Я также с ужасом припомнил тяжелое чувство сытости во сне, как
будто я съел этот сон.
Все-таки надо было поесть. Отца не было дома – он отправился за
Цилей к Тартаковским. В одиночестве я вкусно и плотно поужинал
фаршированными перцами и вышел во двор.
Вскоре она вошла во двор и медленно побрела кругами, любопытно
пялясь в окна. Я понял, что счет ей доступен.
Мы долго сидели на еще теплых ступеньках лестницы и разговаривали.
Волнистое пенье цикад постепенно пропитывало бархат глубокой ночи.
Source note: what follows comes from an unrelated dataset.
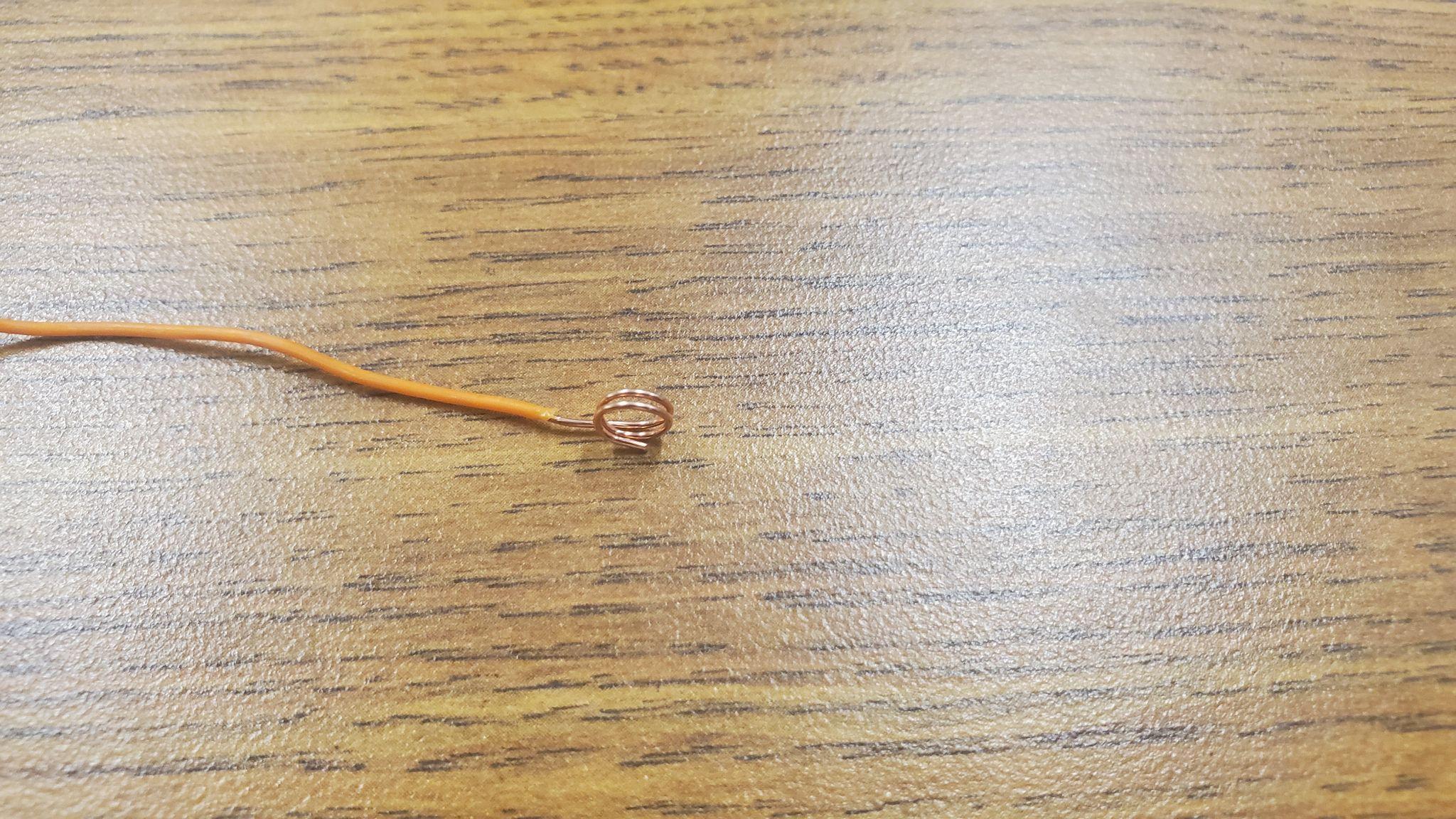 Take it off the skewer and press the circles together so it forms a coil. This will be the antenna for the controller.

Она вспоминала о своей семье.
Я рассказал ей немного о Москве, о том, что это большой круглый
город, большая часть которого находится под землей.
Сашка Аскеров, спускаясь по лестнице, не любопытствуя, стрельнул
у меня сигарету, и звал прогуляться по набережной. Я отказался,
он махнул рукой и лихо съехал в темноту по перилам, по спирали
мелькнув огоньком сигареты.
Ей захотелось пить, я принес из дома воды.
Вернулись отец и Циля. Я коротко рассказал им о девочке.
Циля спросила, как ее зовут.
– Ирада.
Циля сказала, что постелет мне на балконе, а Ираде в комнате.
Мы посидели еще и вскоре отправились спать.
Утром отец провожал нас в аэропорт. По дороге мы заехали в универмаг,
купили Ираде джинсы и майку, – в них она потом переоделась в туалете
аэропорта.
Когда при посадке потребовали от нее паспорт или свидетельство
о рождении (ее подростковый возраст не поддавался точному определению),
отец предъявил Цилино свидетельство о рождении, то самое, куда-то
запропастилось.
Бортпроводник не разобрался в цифрах – и пропустил.
Глава 7
Камень
Ночью мне снился день.
Он мучительно длился, длился и плавно, сначала очень легко – стал
затушевываться грифелем; постепенно дрожало, смуглело и гасло,
незаметно возникли сумерки, – длинные тонкие штрихи распускали
сети-пряди по поверхности зрения, все обесцвечивая, все замутняя,
и вот стемнело окончательно, словно я оказался внутри своего карандаша,
– и от страха я проснулся.
Сегодня утром ко мне никто не приходил, и после умывания я спокойно
продолжил:
«В самолете было холодно и некуда вытянуть ноги.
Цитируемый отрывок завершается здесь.